Spain's socialist government approved Friday a new tax on big internet companies as part of its 2019 budget, hoping to raise up to 1.2 billion euros ($1.4 billion) next year.
The tax, which still requires parliamentary approval, will "modernise tax rules" for 21st-century businesses, Finance Minister Maria Jesus Montero told reporters following a weekly cabinet meeting.
It calls for a 3.0 percent tax on online advertising, sales of user data and online platforms.
The tax will be levied on companies with annual revenues of over 750 million euros worldwide, and at least 3.0 million in Spain.
It has been dubbed the "Google tax" in Spain because it would affect US internet giants like Google, Facebook and Amazon.
The tax could also counter the "unfair competition" which e-commerce poses to "traditional commerce", the minister said.
The tax will come into effect once the government's draft 2019 budget is approved.
Prime Minister Pedro Sanchez's minority government has the support ot its main ally, far-left party Podemos which helped it draw up the budget, but will needs to convince smaller Basque and Catalan regional parties to approve it.

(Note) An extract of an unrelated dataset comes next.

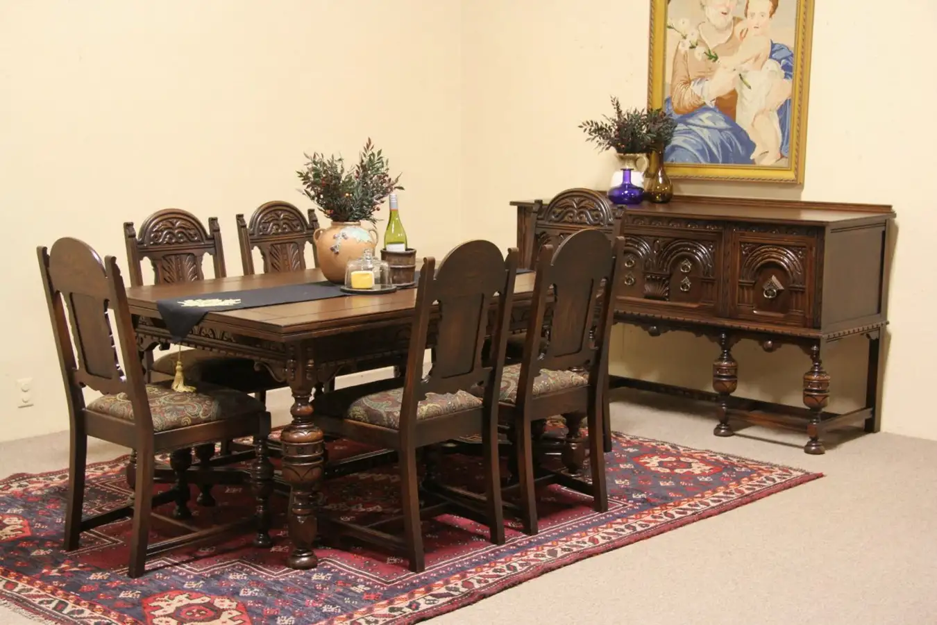 Richly carved of oak about 1925 in the English Tudor manner of Henry VIII, this dining set includes a table with two draw or pull out leaves, six chairs and a sideboard, server or buffet.

The European Union also must still approve the government's draft budget.
EU finance ministers have been wrangling over a controversial proposal to slap a European tax on US tech giants amid concerns that they currently do not pay their fair share.
Today's tax rules were designed for when multinationals developed real assets and operations in different nations, making it relatively clear where taxes were due.
But the US tech titans exist almost exclusively in the virtual world, their services piped through apps to smart phones and tablets from designers and data servers oceans away.